### Problem details
All that belongs in the answer is the lines from the one containing "Seamless Repeat Roaring" to the end of the listing below, copied exactly, pictures excluded.
***** Data *****
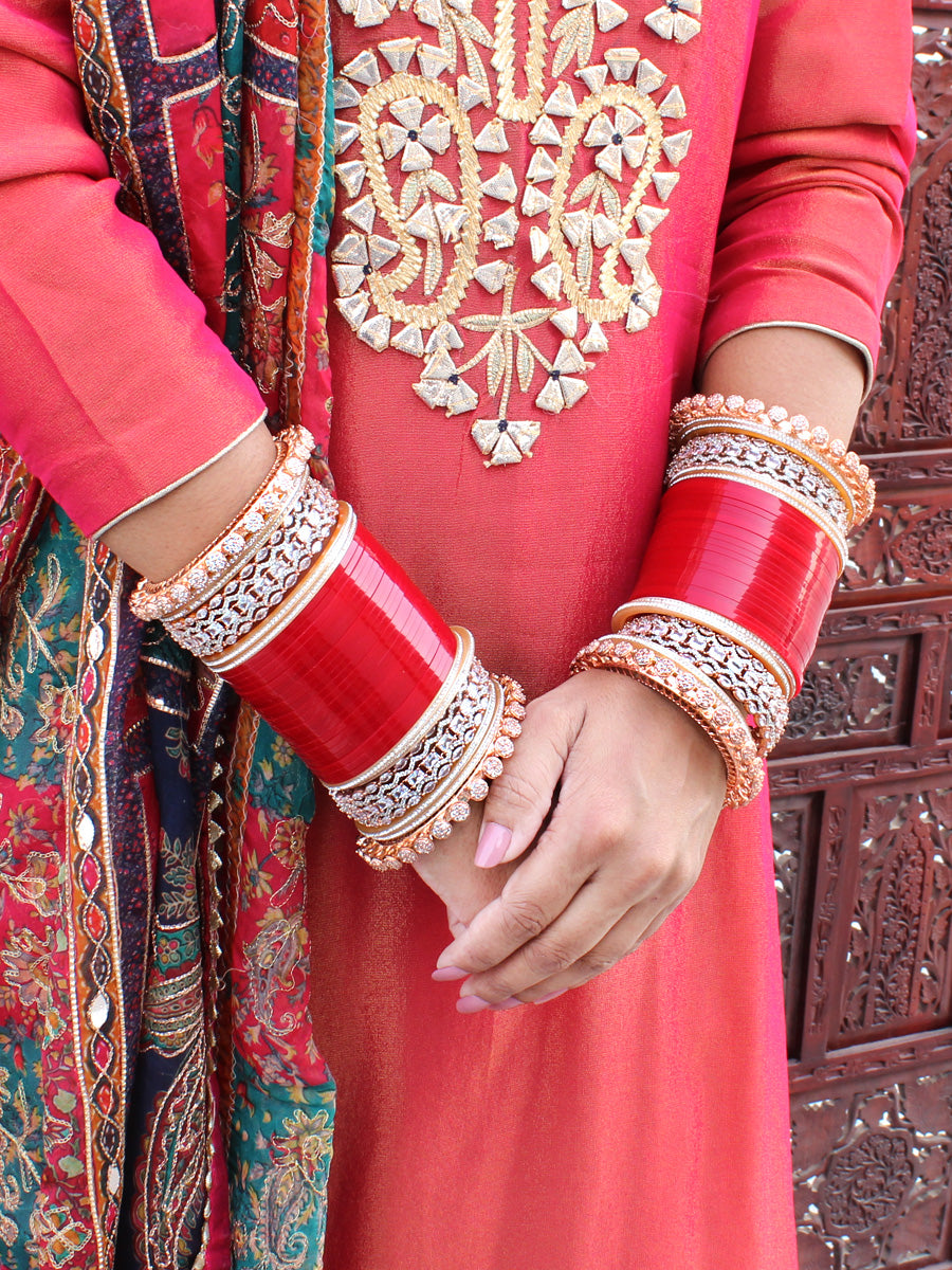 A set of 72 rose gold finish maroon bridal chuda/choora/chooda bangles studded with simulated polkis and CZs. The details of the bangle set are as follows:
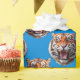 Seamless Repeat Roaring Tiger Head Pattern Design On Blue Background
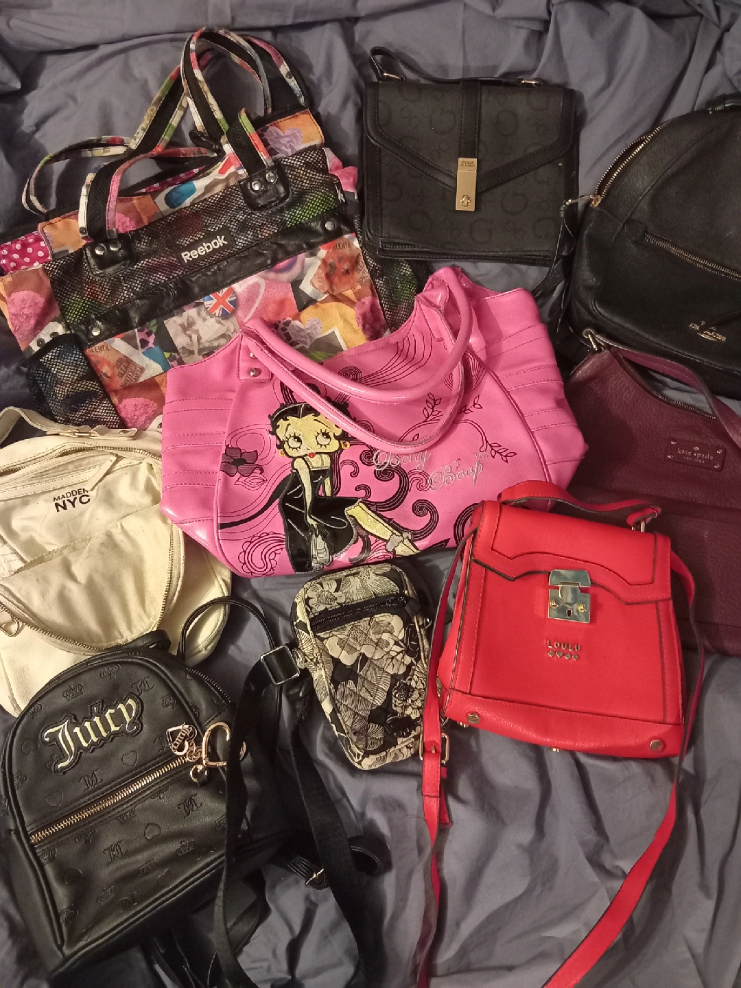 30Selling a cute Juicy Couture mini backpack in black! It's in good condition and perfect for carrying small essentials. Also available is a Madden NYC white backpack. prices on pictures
*****
### Task answer
 Seamless Repeat Roaring Tiger Head Pattern Design On Blue Background
 30Selling a cute Juicy Couture mini backpack in black! It's in good condition and perfect for carrying small essentials. Also available is a Madden NYC white backpack. prices on pictures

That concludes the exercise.